From the above, I can see a backupid of  nbuclnt.local.ad_1687089601 which I could check against my NetBackup catalog to see if it exists. 

Hope this helps. 

David

Hi davidmoline,

Thanks for this, I will definitely try it.

Just checking if catdbutil can be run safely ?

HI @unkn0wnn 

If you just use the options I gave - yes it is safe.

David

Hi davidmoline,

Is dbutil tool ok to try instead? I can't find catdbutil tool on media server.

Hi @unkn0wnn 

What NetBackup version are you using? I'm not aware of what dbutil does (nor where it is found - it is not on any system I have ready access to which includes 8.1.2 and this includes catdbutil). 

Is there even a /usr/openv/pdde/pdcr directory?

David

Hi @unkn0wnn 

Is you media server by chance a PDDO system and not a NetBackup media server with MSDP?

David

It is separated server used for deduplication, pure disk.

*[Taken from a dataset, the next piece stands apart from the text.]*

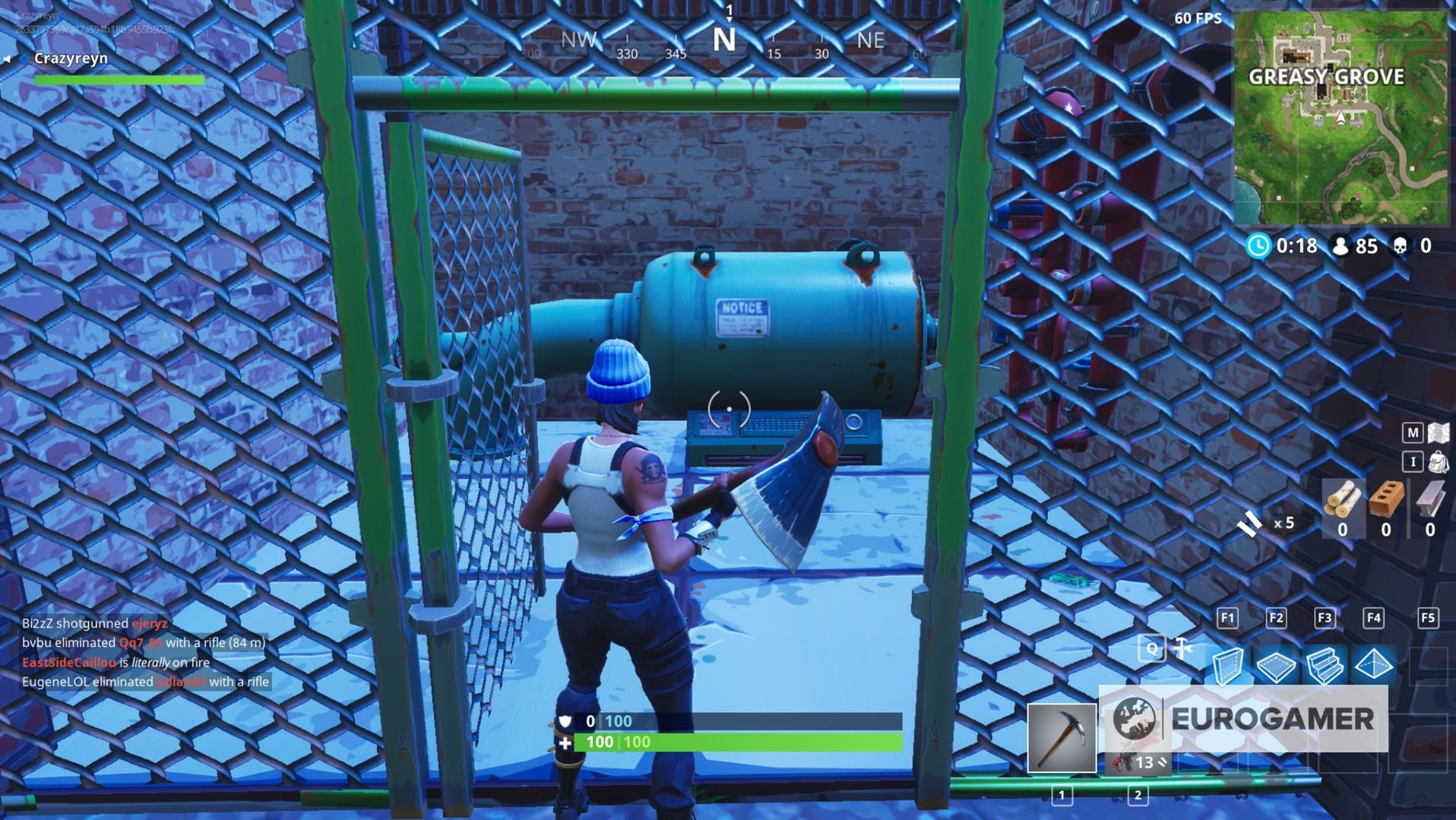 14) In het zuidwesten van Greasy Grove, net voor de weg, vind je een afgebakend gebied. Ga hier binnen, vernietig de waterpijp met je bijl en raap de Rubber Ducky op:

Its netbackup 7.5, Yes, directory exists on media server, listing below:

5220netb:/usr/openv/pdde/pdcr/bin # ls -altr|more
total 180
-rwxr-xr-x 1 root bin 224 Feb 9 2013 wslog
-rwxr-xr-x 1 root bin 224 Feb 9 2013 wsget
-rwxr-xr-x 1 root bin 221 Feb 9 2013 stat
-rwxr-xr-x 1 root bin 227 Feb 9 2013 spoold
-rwxr-xr-x 1 root bin 236 Feb 9 2013 splogscan
-rwxr-xr-x 1 root bin 236 Feb 9 2013 spextract
-rwxr-xr-x 1 root bin 230 Feb 9 2013 spauser
-rwxr-xr-x 1 root bin 224 Feb 9 2013 spadb
-rwxr-xr-x 1 root bin 221 Feb 9 2013 spad
-rwxr-xr-x 1 root bin 230 Feb 9 2013 reroute
-rwxr-xr-x 1 root bin 248 Feb 9 2013 report62splog
-rwxr-xr-x 1 root bin 227 Feb 9 2013 prdate
-rwxr-xr-x 1 root bin 239 Feb 9 2013 pdstresscr
-rwxr-xr-x 1 root bin 230 Feb 9 2013 pddecfg
-rwxr-xr-x 1 root bin 227 Feb 9 2013 pddeDR
-rwxr-xr-x 1 root bin 227 Feb 9 2013 pdconf
-rwxr-xr-x 1 root bin 230 Feb 9 2013 nstpack
-rwxr-xr-x 1 root bin 218 Feb 9 2013 md5
-rwxr-xr-x 1 root bin 224 Feb 9 2013 genpo
-rwxr-xr-x 1 root bin 230 Feb 9 2013 fileput
-rwxr-xr-x 1 root bin 230 Feb 9 2013 fileget
-rwxr-xr-x 1 root bin 230 Feb 9 2013 filedel
-rwxr-xr-x 1 root bin 230 Feb 9 2013 dsiddel
-r-xr-xr-x 1 root bin 4853 Feb 9 2013 dr_createlist.sh
-rwxr-xr-x 1 root bin 236 Feb 9 2013 delayscan
-rwxr-xr-x 1 root bin 227 Feb 9 2013 dcscan
-rwxr-xr-x 1 root bin 233 Feb 9 2013 dcpcrypt
-rwxr-xr-x 1 root bin 227 Feb 9 2013 dbutil
-rwxr-xr-x 1 root bin 230 Feb 9 2013 crstats
-rwxr-xr-x 1 root bin 227 Feb 9 2013 crstat
-rwxr-xr-x 1 root bin 233 Feb 9 2013 crrepair
-rwxr-xr-x 1 root bin 236 Feb 9 2013 crrecover
-rwxr-xr-x 1 root bin 224 Feb 9 2013 crget
-rwxr-xr-x 1 root bin 221 Feb 9 2013 crfp
-rwxr-xr-x 1 root bin 239 Feb 9 2013 crdoreader
-rwxr-xr-x 1 root bin 236 Feb 9 2013 crcontrol
-rwxr-xr-x 1 root bin 236 Feb 9 2013 crcollect
-r-xr-xr-x 1 root bin 2606 Feb 9 2013 cdrinit.sh
-rwxr-xr-x 1 root bin 236 Feb 9 2013 cacontrol
-rwxr-xr-x 1 root bin 230 Feb 9 2013 ca_test
-rwxr-xr-x 1 root bin 230 Feb 9 2013 adler32
drwxr-xr-x 2 root bin 4096 May 1 2013 .bin
drwxr-xr-x 5 root bin 4096 May 1 2013 ..
drwxr-xr-x 3 root bin 4096 May 1 2013 .
5220netb:/usr/openv/pdde/pdcr/bin # ls *util*
dbutil

HI @unkn0wnn 

Given it is a PureDisk server (PDDO), I am unable to assist (no in-depth knowledge of this retired technology). 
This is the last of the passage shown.